PhaseRotB output phase space
Grahame’s linearly-designed lattice seems to accelerate the particles slightly too much in the Muon1 simulation
This could be due to the particles arriving at the RF cavities late because of path-length effects
“Spherical aberration”
Note that Muon1 does RF phasing relative to the on-axis particle

PhaseRotB output phase space
New design:

ChicaneLinacB
The optimisation of the chicane design has not yet generated anything better than the baseline (although the baseline was not given as input data)

Barriers to optimisation
With yields so low (~1-2%), there is a lot of noise in the figure of merit
One simulation has ~20k particles to start with, becoming ~60k with multiple decays and emission delays
At 1% this gives 600 out, s=24.3
At 2% this gives 1200 out, s=34.3
Could even be a factor of sqrt(3) larger

Barriers to optimisation
This produces difficulty for an optimiser when occasional +3s results get read
However, the optimisation has definitely been progressing regardless of this
I.e. the ‘improvement’ is not just noise on the same result
This is because noise on the same result would cause successive record scores at geometrically increasing times

Barriers to optimisation
But we see quite regular progress!

Barriers to optimisation
This doesn’t mean that the optimiser hasn’t been hampered by the noise
Perhaps the ‘flattening’ of the curve and subsequent slow convergence are signs

Sources of stochastic noise
Some things are controlled by the RNG:
The 20k pions of the initial rod dataset
Rotations of these pions about the axis
Random delays of this dataset to simulate 1ns RMS incoming proton pulse *
Decays of pions and muons *
* These are weighted, so they each happen 3x in the current simulations.  Old simulations had the decay 10x and no delays.
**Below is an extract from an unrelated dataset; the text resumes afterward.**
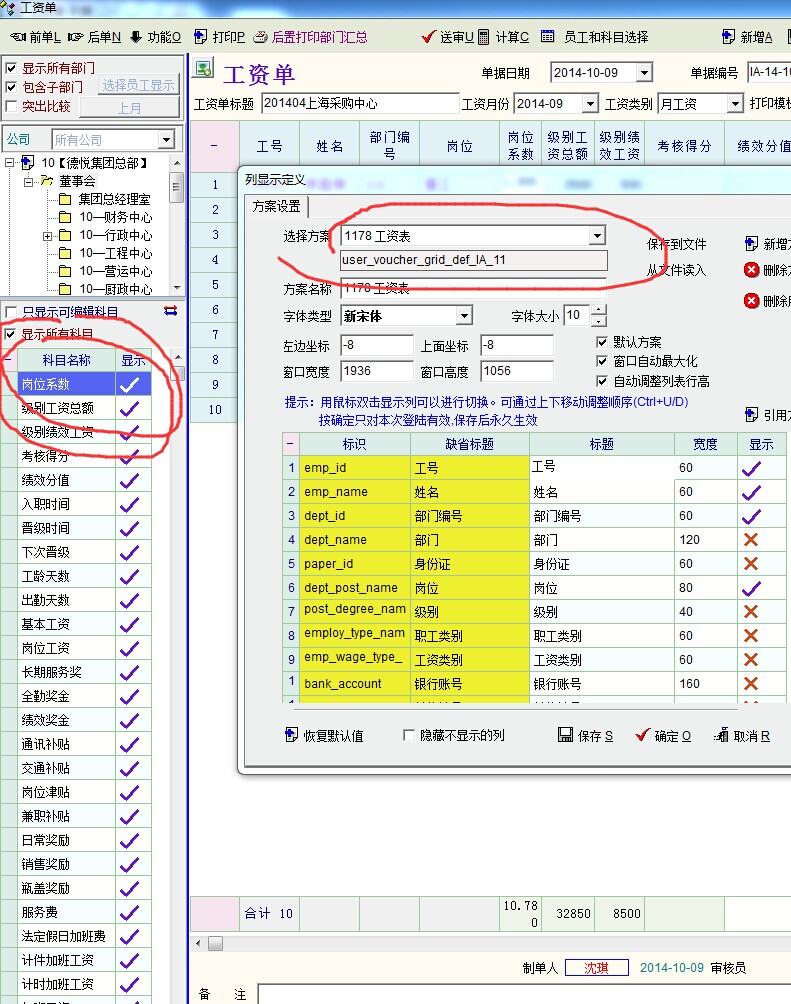 关于工资单科目显示的问题,能否可以设置为自行定制方案,避免每次都要重新选择。

Sources of stochastic noise
Fixing a random seed is not the answer, as this will bias the results!
Increasing the number of particles would be good, but does it counter the decrease in number of designs tested?
Perhaps something cleverer is possible to make the merit function more continuous, discuss…

Nikolai Mokhov’s MARS code
MARS version 15.04 has just been installed at RAL
This is more accurate than the original code (LAHET) used to generate my pion dataset and will scale better to higher energies
It also means I could possibly increase the number of initial pions from 20k to (100?)k

MARS plans
It becomes possible to generate datasets for a variety of energies:

MARS plans
It is also then possible to optimise the proton driver energy jointly with the rest of the lattice, if we are only interested in which option can give the best m/p.GeV
(With all these I should keep in mind how much data I really want Muon1 users downloading from the website…)

MARS problems
The code seems to produce too many p-, particularly at low energies
This could be my error, or an error in the code itself, or a mislabelling of particle IDs 3 and 4 at some stage, or a real effect
Has anyone else found they have at least twice as many negative as positive pions coming out of their target?!
Intuitively the excess should be of p+

MARS results
Energy deposition histograms are possible and will later become input for Roger Bennett’s target shock studies
Preliminary: 1cm radius tantalum rod, 20cm long, with 6GeV proton beam

The 3MW of used proton beam
Some engineering cross-sections of the target area show where the proton beam can leave and be dumped
However, some of these have solenoids with coils only on the “convenient” side!
The mercury jet target is sometimes drawn with the beam dumped in the mercury pool (but why make it more radioactive than is really necessary?)

The 3MW of used proton beam
One awkward issue is that most optimisation studies have shown a small angle (~0.1rad) is best for pion production
But in my optimisations the optimal angle seems to be near zero!
This could be because the other studies have looked at the pion yield closer to the target and not downstream.
Tilting the rod could give a higher initial yield but with a larger emittance

Solutions with a tilted beam
A gap (unwise!)
Widening or narrowing solenoids (inconvenient)
Rerouting the solenoid coils (weird, but maybe possible)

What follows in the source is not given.